As Alcott was well aware, however, his conversations were not a potent recipe for making money. In the years from 1848 to 1853, they earned a total of $750—a living wage for about six months.
30
In marked contrast to her father, Louisa became acutely conscious of the details of her personal finances. Beginning in 1850, at the age of eighteen, she kept a record in which she noted down to the dollar the amount of money that she took in every year. She was now keenly aware of the family's financial straits and eager to do what she could to alleviate them.

Alcott's life nearly came to an end in the summer of 1850, when he and the rest of the family contracted smallpox from, as Louisa put it, “some poor immigrants whom Mother took into our garden and fed one day.”
31
The girls caught the disease only slightly. Abba's case was somewhat worse. Bronson became dangerously ill and, for several weeks, was too weakened to leave his bed. Thankfully, he recovered without suffering the facial scarring that often came with the disease. It was yet another instance, though hardly the last, of the price the family paid for its kindness to others.
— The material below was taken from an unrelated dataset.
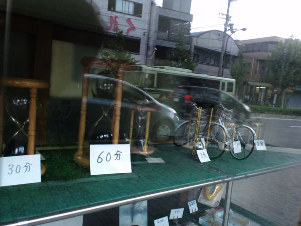 ところで・・・、このショーウィンドウには一体どのくらい昔からこの砂時計が飾ってあるのでしょうか?二十数年前にも変わらずあったショーウィンドウを眺めつつ、この砂時計はいつから時を刻んでいるのだろうか?と考えたのです。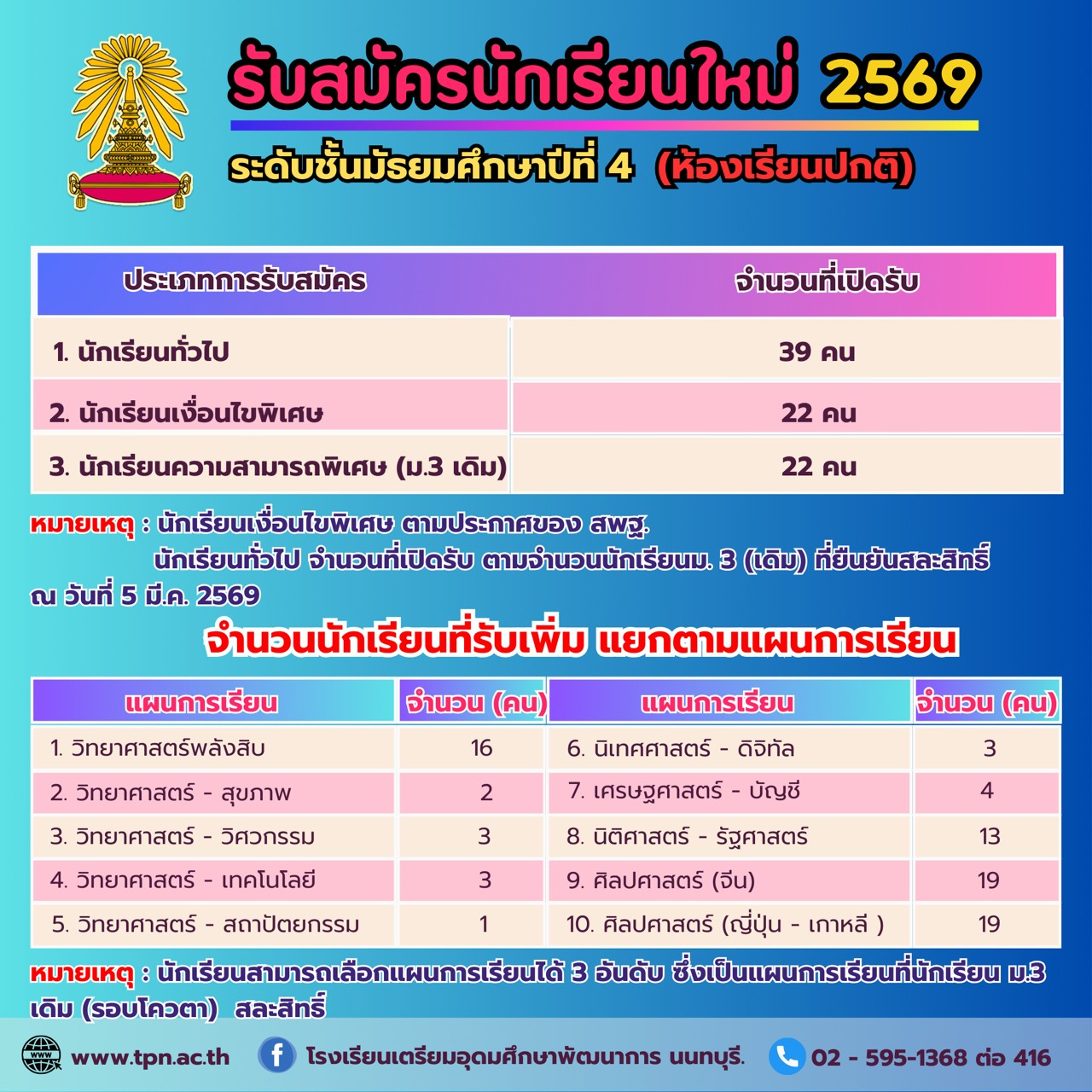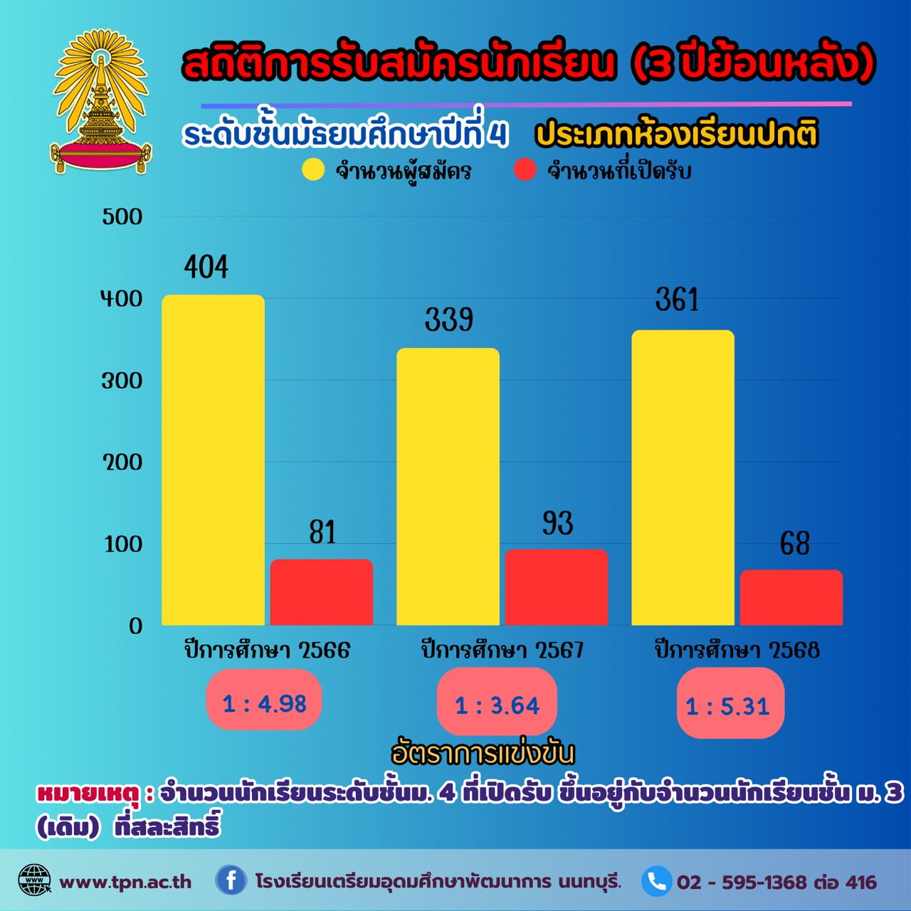 จำนวนสมัครนักเรียน ม.4

Meanwhile, the women of the family struggled to keep bodies and souls together. Louisa now taught a school on Suffolk Street, which her father wistfully visited, wishing that he could have a school again. Louisa would gladly have given him hers. The vocation that he adored left her utterly cold. After teaching for two years, she reached the unabashed conclusion that she hated it. Although necessity drove her back to the classroom a number of times, she never changed her mind. At the same time, however, the professions that she found most appealing—acting and writing—seemed beyond her reach. But idleness was unacceptable, and not only as a matter of family economy. It was essential to Louisa's nature always to be doing or planning something. The question for her was not whether to be active, but how.